§ **What you should do**:
All of the lines below are to be transcribed faithfully, with pictures excluded from the copy.

§ **Supplied data**:
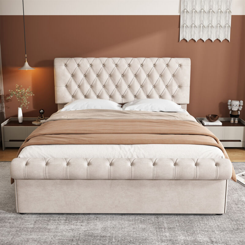 KING SIZE Ottoman Gas Lift Storage Bed Velvet Upholstered Bed Frame Beige QZ
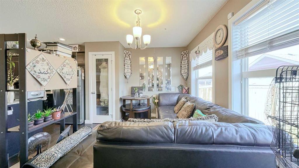 Welcome to this very desirable and family oriented community of Evanston. Here is your chance to own a beautiful, well kept home, offering 3 bedrooms, 2 full and 1, 2 piece bathroom, a double detached garage, New roof and New Siding. Large front porch welcomes you onto this home. Warm Real hardwood floor through out the main level. A spacious Living room with big windows, leads you into heart of the home - the kitchen. This kitchen is ideal, - large island with a breakfast bar, granite countertop, lots of dark contrast cabinets that standout against the beautiful granite countertops, pantry, stainless steel appliances. Large dining room for your family size dinners, Classy railings on the staircase leading up to the upper floor - A large primary bedroom with a 4 piece En-suite bathroom and a walk-in closet, two more bedrooms and a 4 piece bathroom. The lower level is unfinished, has 2 large windows, Laundry, rough-ins for future bathroom and lots of storage space. There is Central Vacuum Connection and the whole house is wired for Security Alarm system. A double detached garage that you will truly appreciate in the cold Calgary winters. Big Fenced backyard. Close to Parks, Schools, Major Shopping, Bus routes, many amenities and Major routes.. This home has a lot to offer that you will enjoy in your new Home. Excellent value in an great community.
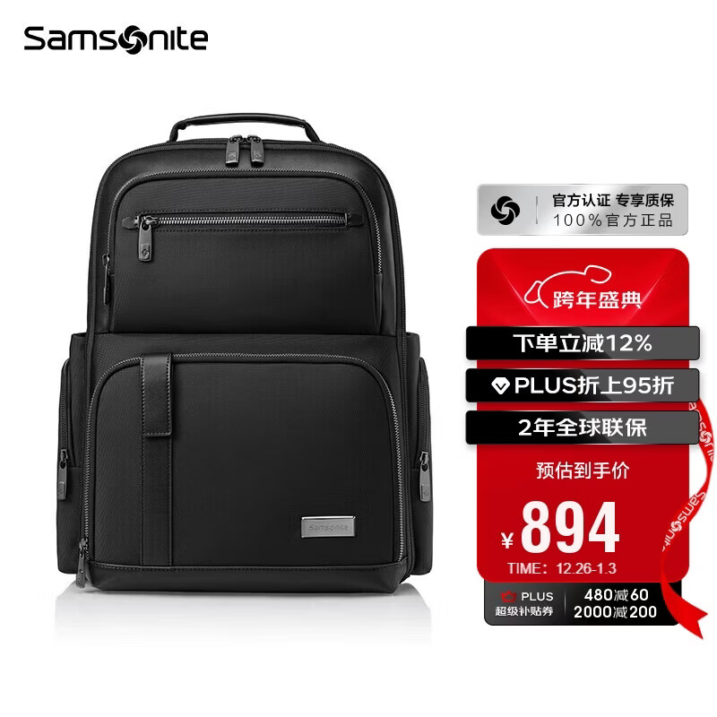 新秀丽(Samsonite)高端商务双肩包电脑包14英寸男士背包短途出差大开口牛皮革NR9
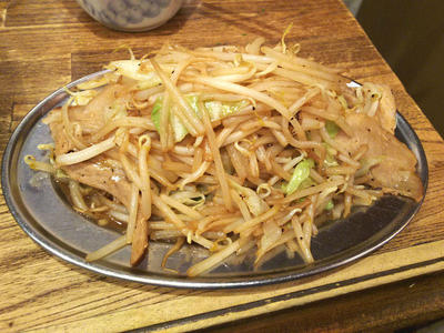 なんかつなぎで食べようとおもって、肉もやし炒めを注文したんですが、思いのほか量が多くてびっくりでした。たぶん、もやしだけでも相当な量がありそうです。まあ、もやしなんで食べるのは、なんとかなりましたが。肉も入っていて、つまみとしても結構いけます。

§ **Final answer**:
 KING SIZE Ottoman Gas Lift Storage Bed Velvet Upholstered Bed Frame Beige QZ
 Welcome to this very desirable and family oriented community of Evanston. Here is your chance to own a beautiful, well kept home, offering 3 bedrooms, 2 full and 1, 2 piece bathroom, a double detached garage, New roof and New Siding. Large front porch welcomes you onto this home. Warm Real hardwood floor through out the main level. A spacious Living room with big windows, leads you into heart of the home - the kitchen. This kitchen is ideal, - large island with a breakfast bar, granite countertop, lots of dark contrast cabinets that standout against the beautiful granite countertops, pantry, stainless steel appliances. Large dining room for your family size dinners, Classy railings on the staircase leading up to the upper floor - A large primary bedroom with a 4 piece En-suite bathroom and a walk-in closet, two more bedrooms and a 4 piece bathroom. The lower level is unfinished, has 2 large windows, Laundry, rough-ins for future bathroom and lots of storage space. There is Central Vacuum Connection and the whole house is wired for Security Alarm system. A double detached garage that you will truly appreciate in the cold Calgary winters. Big Fenced backyard. Close to Parks, Schools, Major Shopping, Bus routes, many amenities and Major routes.. This home has a lot to offer that you will enjoy in your new Home. Excellent value in an great community.
 新秀丽(Samsonite)高端商务双肩包电脑包14英寸男士背包短途出差大开口牛皮革NR9
 なんかつなぎで食べようとおもって、肉もやし炒めを注文したんですが、思いのほか量が多くてびっくりでした。たぶん、もやしだけでも相当な量がありそうです。まあ、もやしなんで食べるのは、なんとかなりましたが。肉も入っていて、つまみとしても結構いけます。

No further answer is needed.